The head of a major U.S. multinational investment bank discussed how perplexing it is to see the administration pursue an America-first agenda but then attack the independence of the Fed: “If you look at all the things that the President and this administration are doing, all of them are in service of keeping the U.S. dollar as the world’s reserve currency … The only thing that I have not been able to square with this administration is the attack on the Fed’s independence. That is such a critical part of making sure that the U.S. dollar remains the world’s reserve currency, because people trust that the Fed’s independence is the one area that is outside the presidential influence.”
CEOs told us they still believe in the promise of the U.S. and its capitalist system, but it’s hard to ignore the Trump administration’s drift toward a quasi-socialist statism, seizing ownership from private shareholders, dictating staffing, and selectively blocking moves into strategic markets based upon politics and kickbacks. Nearly three-quarters of CEOs surveyed said they were confident that U.S. free-market capitalism can compete with China’s socialist market economy in the global AI contest, and they expressed a near-unanimous discontent as the Trump administration has veered away from the capitalist system.

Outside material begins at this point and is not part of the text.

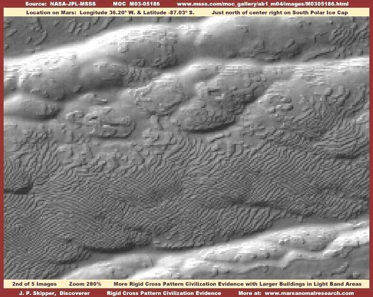 A fenti kép az M03-05186 archívumszámú fotócsíkból való, és javasoljuk igen közelről való szemrevételezését, így inkább előtűnnek a részletek, és az olvasó megláthatja, hogy a sötét területen minden egyes kicsiny objektum négyszögletes alakú, emellett egységes, mind méretben, mind magasságban, összehasonlításképpen a szomszédaikkal; ilyen objektumok ezrei építik fel szoros, tömött sorokban az itt látható teljes területet. Még fontosabb az a precizitás, miként egymás mellett elhelyezkednek, tökéletes pontosságú, minden egyes objektum kifogás nélkül illeszkedik a sorokba, megfelelő szögben, pontosan úgy, mint a sírkövek a katonai temetőben. Bárki számára egyértelműnek kell lennie, bármilyen fényviszonyokat is veszünk figyelembe, ilyen formák semmiféleképpen sem jöhetnek létre, sem szabályosságukban, sem hideg precizitásukban; határozottan kijelenthetjük, semmiféle természetes geológiai vonást nem viselnek magukon, sokkal inkább elgondolást, tervezést, mesterséges tevékenységet, és intelligens élet nyomait. Azonban ez még nem minden, vessünk még egy közeli pillantást a világos színű részekre az első kép felső részén. Itt már nagyobb épületszerkezeteket is ki lehet venni, jórészt köddel beborítva, valamint a felbontással manipuláló képhamisítási alkalmazásokat. Mindezek ellenére mégis láthatjuk az épületek tetejét és meglehetősen jól alátámasztható így, mit is látunk itt. A területre nagy távolságból látunk rá, mégis a dolog egyértelműnek tűnik, valamiféle civilizációs központtal állunk itt szemben, kisebb és nagyobb épületszerkezetek megjelenésével. Szerencsére az automatikus képhamisító program kihagyta a nagytömegű és aránylag kis méretű keresztsorokban elhelyezkedő struktúrákat a közvetlen képhamisítási technika alkalmazása alól, kétségtelenül azért, mert túl apróknak tűntek számára, a program paraméterei nem tették lehetővé felismerésüket, bizonnyal abból a meggondolásból indultak ki, hogy a felbontás lerontása önmagában elegendő ilyen objektumok eltüntetéséhez. Az embertől eltérően, az automatizált számítógépes program nem láthatja előre, az igen kis objektumok esetében főleg (természetesen sokkal jobb felbontáson, amit nem osztanak meg velünk), hogy azok egyedi objektumok és habár túl aprók, hogy részleteket felismerhessünk belőlük, azonban komplett rendszert alkotnak, még ekkora távolságból is jól kivehetően, de immár nem a program, hanem a kutató számára áll összes a keresztsoros elrendezés szabályos mintázata, ami egyértelműen civilizációs nyomot sejtet, akármilyen félét is. Még a felbontás lerontása sem volt elég, felismerhetjük a képhamisítási eljárás során felvitt foltokat, néhány esetben a dolog egyértelmű.

Such flirtation with state-driven capitalism and protectionism not only leaves CEOs facing heightened uncertainty, fearfully wondering what comes next, but also providing China an opening with their suppliers and customers. At our CEO forum in March, 85% of business leaders viewed U.S. government uncertainty as a gift to China in terms a competitive opportunity. They said this week that this has proved true over the last six months.
Similarly, in March, we asked whether the U.S.-Russia-Ukrainian peace talks happening that week in Saudi Arabia would lead to a peace agreement. Nearly three-quarters said that would happen within six months. Regrettably, over three-quarters of CEOs now see relations with Russia and Ukraine as worse since Trump took office. A similar proportion of executives said they thought we are at risk of losing the momentum gained in the Middle East from the Abraham Accords.
After nine months in office, there is a clear desire to return to a respect for the balance of powers in government, to reinforce international allies, to fortify independent, objective expertise of economists and scientists, to encourage freedom of voice, to stop bullying countries, cities, and companies into resentful, uneconomical compromises. In short, CEOs are calling to make America, America again.
When one commenter compared MAGA to the Maoist movement, there wasn’t an outcry of disagreement. Quite the opposite.